I know this issue was closed many years ago, and I don't propose re-opening it. I write this comment because some of the earlier comments here make it sound like only a foolish or perverse programmer might be affected by this 'too aggressive constant folding'. I'll provide a real-world example of how it affected me. It took me several hours to track it down, and even longer to decide that the fault shouldn't be solely attributed to poor coding practices on my side.

I recently updated a code base from Python 2.7 to Python 3.5+. It contains a C extension which handles 64-bit indexing. One of the test files, "test_large.py", exercises the API with multi-gigabyte strings. It typically takes about 10 minutes to run so it isn't part of the normal test suite. Instead, it's decorated with a @unittest.skipUnless(), and only enabled if the file is executed directly or if an environment variable is set.

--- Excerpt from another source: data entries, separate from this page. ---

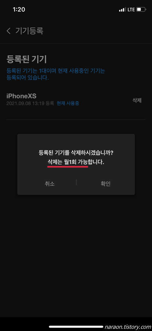 ▲ 기기등록은 최대 4대까지 가능하며, 사용하지 않는 기기는 삭제할 수 있습니다. 다만, 삭제는 월 1회 가능하므로 참고하시길 바랍니다. 기기등록 및 삭제는 PC, 태블릿, 스마트TV 등에서도 동일하게 진행할 수 있습니다.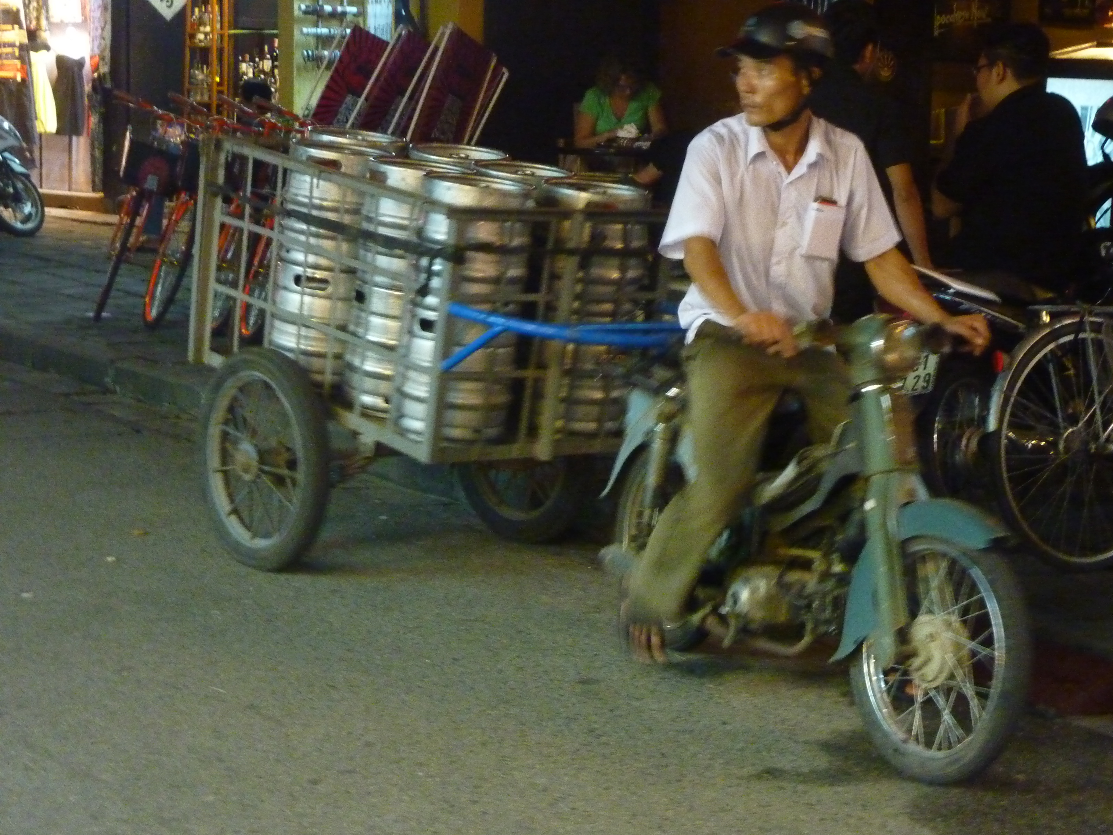 In the evenings I’d migrate from the sidewalk cafes to the bia hoi joints to further pursue my people watching and beverage drinking. What’s bia hoi? It’s freshly brewed beer. No preservatives. Crisper and cleaner and lighter than any beer I’ve ever tasted. It seems to have a lower than normal alcohol content too which means you can suck down quite a few in an evening without feeling any ill effects the following morning. It’s delivered daily to those watering holes wise enough to sell it by dudes like this…
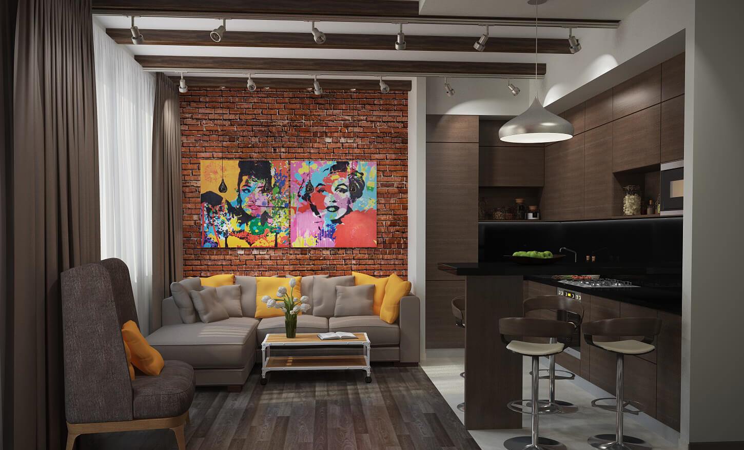 Sie können die Kombination der brutalen Noten des Inneren schätzen: antike Sessel und grobe Lampen ergänzen sich. Das helle Design des Fotostudios schickt uns in die 40er Jahre, die Kombination aus Strahlern, Reproduktionen von Andy Warhol und einem stromlinienförmigen, grauen Baldachin sieht toll aus mit einem matten Laminat. Luftige Glasballons mit LEDs passen sich in leuchtenden Farben perfekt an den Innenraum an, der Schatten des Fußbodens passt zum Sofa und der Teppich wird mit Mauerwerk kombiniert. Die Decke scheint aufgrund mehrerer sphärischer Farbtöne höher zu sein.
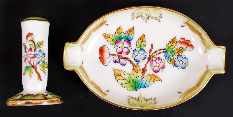 Leírás: Herendi Viktória mintás porcelán hamutartó és nyomó, kézzel festett, hibátlan, jelzett, 9x5,5 cm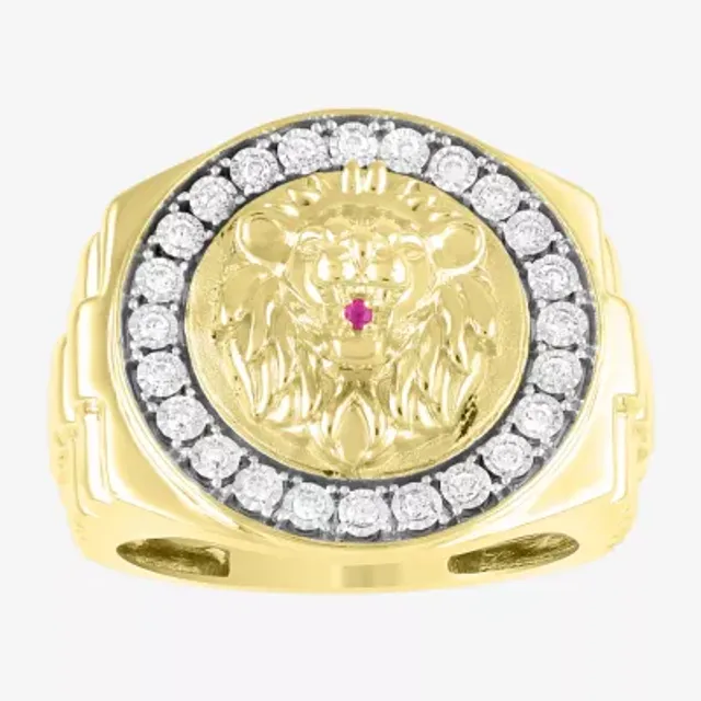 Mens Lion 1/4 CT. T.W. Genuine White Diamond 10K Gold Fashion Ring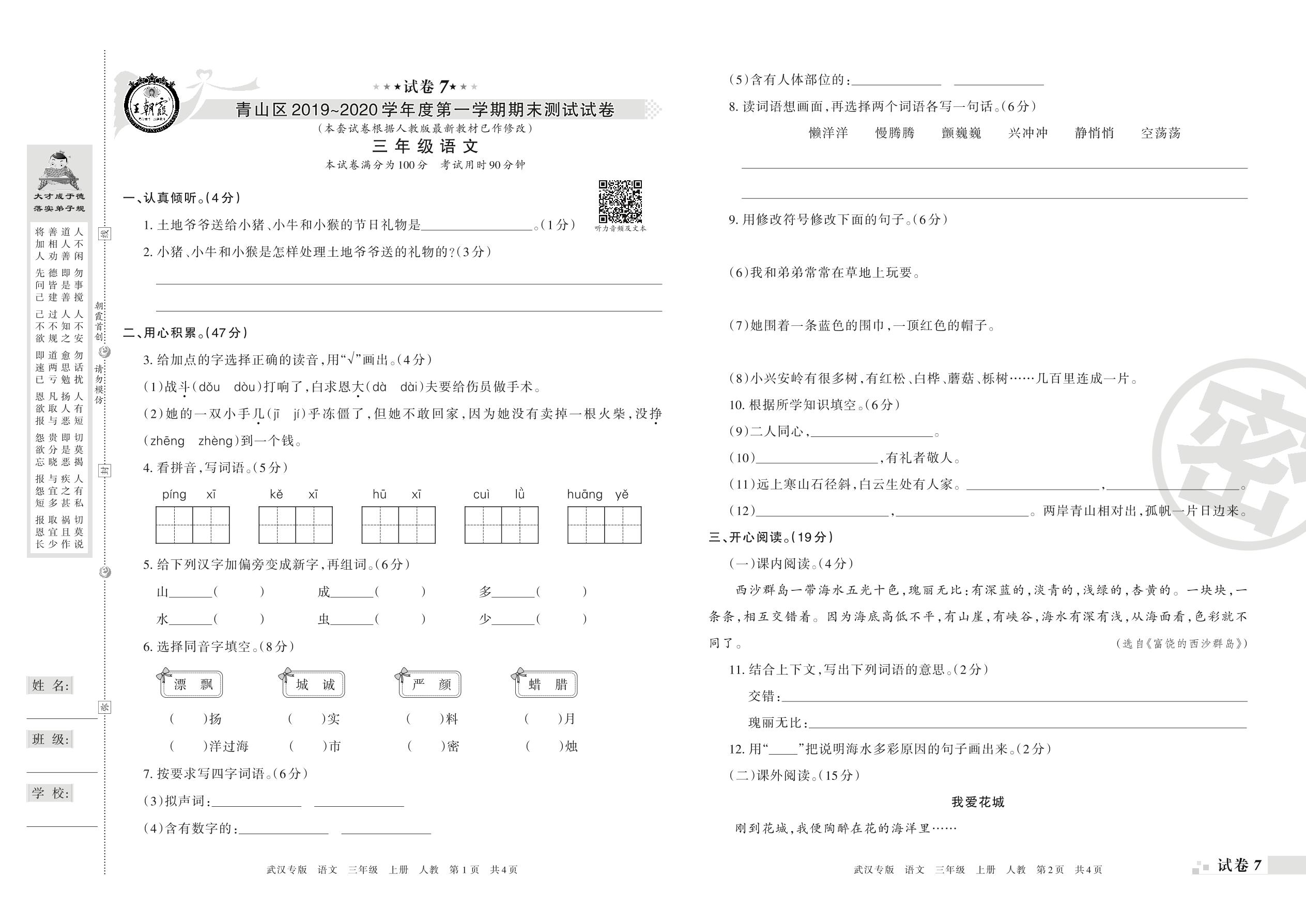 2019-2020学年第一学期武汉市青山区三年级语文试卷(人教版)【7】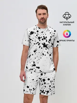 Мужской костюм с шортами / Далматинец - брызги чёрными пятнами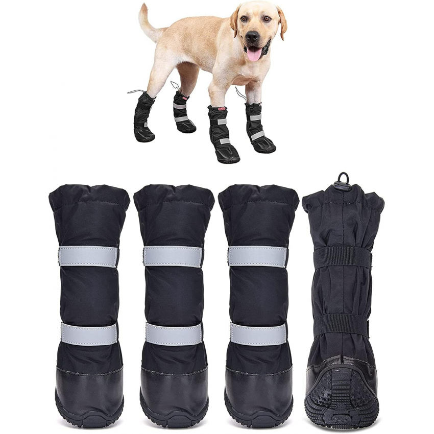 Водонепроницаемые сапоги для собак для зимы, снега и дождя, нескользящая обувь для собак средних и крупных пород, расширенные манжеты для защиты лап для прогулок на свежем воздухе, светоотражающие дождевые сапоги для собак Размер XL (ширина стельки 7.6 см) для веса 44–50 кг
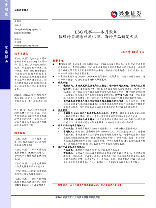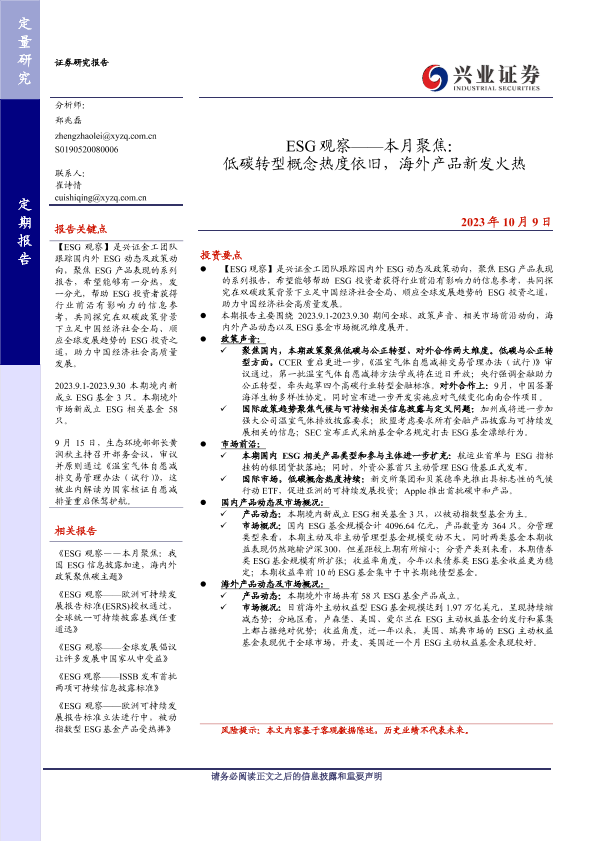 【兴业证券】【20231009】ESG观察——本月聚焦:低碳转型概念热度依旧,海外产品新发火热-16页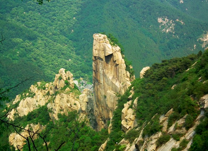 扇子崖位于泰山西溪西側(cè)的扇子崖,奇峰突兀,高聳峻峭,形如扇面,故名。崖上有明人楊博題刻摩崖石刻“仙人掌”。崖西有鐵梯,攀援可登崖巔,北眺龍角山,九女寨歷歷在目,西望傲徠峰盡收眼底。向東俯視,龍?zhí)端畮焱鹑翳偳对谖飨囊活w璀璨的明珠,閃閃發(fā)光。清人孫寶僮有詩云:“劍峰怒刺天,積鐵拔千仞;俯臨鬼谷幽,旁倚丈人峻”,的確寫出了扇子崖的風(fēng)韻。扇子崖峰極險(xiǎn)峻,赤眉軍曾就頂設(shè)望哨。明代舉人王無欲筑室崖巔,后又結(jié)茅其下,名西山別業(yè)。民間有“打開扇子崖,金銀財(cái)寶往家抬”的傳說。1990年,依崖鑿階,修筑云梯,以便攀登。[1]峰崖交接處為山口,前有扇子崖廟,殿西有地母宮,再西為太陽廟。自正殿前沿階下谷,有真武洞,清光緒年間建,題額“玄天上帝”,內(nèi)祀真武神及金童玉女。前為會(huì)仙庵舊址,今房基、石廟尤存。又東路旁有巨石,上有清康熙初年線刻一老僧坐蓮修身。廟南隔溪相望有弄水巖,雙峰崛起,澗水東流,至西百丈崖下注西溪。山口后是長谷絕澗,名青桐澗。版權(quán)所有山東聊城聊之旅國際旅行社有限公司,轉(zhuǎn)載必究!明清時(shí)山民多在此采青桐芽制茶,名女兒茶。澗北有壺瓶崖,危崖萬丈,突兀類壺瓶狀而名。

The file creates about 25 multi-GB string constants, like 's = b"\xfe" * (2**32+1)'. Those alone require a minute to create, but that's acceptable overhead because these tests are usually skipped, and when not skipped are only 10% of the total run-time. Here is an example extracted from my code; this tests the population count on a byte string:

RUN_ALL = "LARGE_TESTS" in os.environ
if __name__ ==  "__main__":
    RUN_ALL = True

@unittest.skipUnless(RUN_ALL, "large tests not enabled; set LARGE_TESTS")
class LargeTests(unittest.TestSuite):
    def test_popcount(self):
        s = b"\xfe\xff" * (2**31 + 1)
        self.assertEqual(bitops.byte_popcount(s), 15*(2**31 + 1))

if __name__ ==  "__main__":
    unittest.main()

As part of the update I did a 'move function' refactoring across the code base and re-ran the tests. Unit test discovery seemed to hang and ^C didn't work. Investigation showed it was in __import__("test_large"), which was needed because I had changed code in test_large.py. I finally figured out it was due to constant folding, which created the string, found it was too large, and discarded it. Test discovery took a minute, even though all of the tests were marked as 'skip' and would not be called.

Once done, the compiler generated a .pyc file. I hadn't noticed the problem earlier because the .py file rarely changed, so rarely needed to be recompiled. It would have a bigger issue if I ran test_large.py directly, as that will always trigger the one minute compilation, even if I specified a test which didn't use them. (There were no bugs in 64-bit handling during the update so I didn't need to do that.)

I was going to report the issue, then found that INADA Naoki had reported almost exactly the same issue here, back in 2014.

I was bewildered by some of the comments here, because they seemed to suggest I was at fault for writing such poor quality code in the first place. Others may be in the same boat as me, so I'll make a few points to add some counter-balance.

"Are we really supposed to protect programmers from their own folly by second-guessing when constant folding might be required and when it might not?"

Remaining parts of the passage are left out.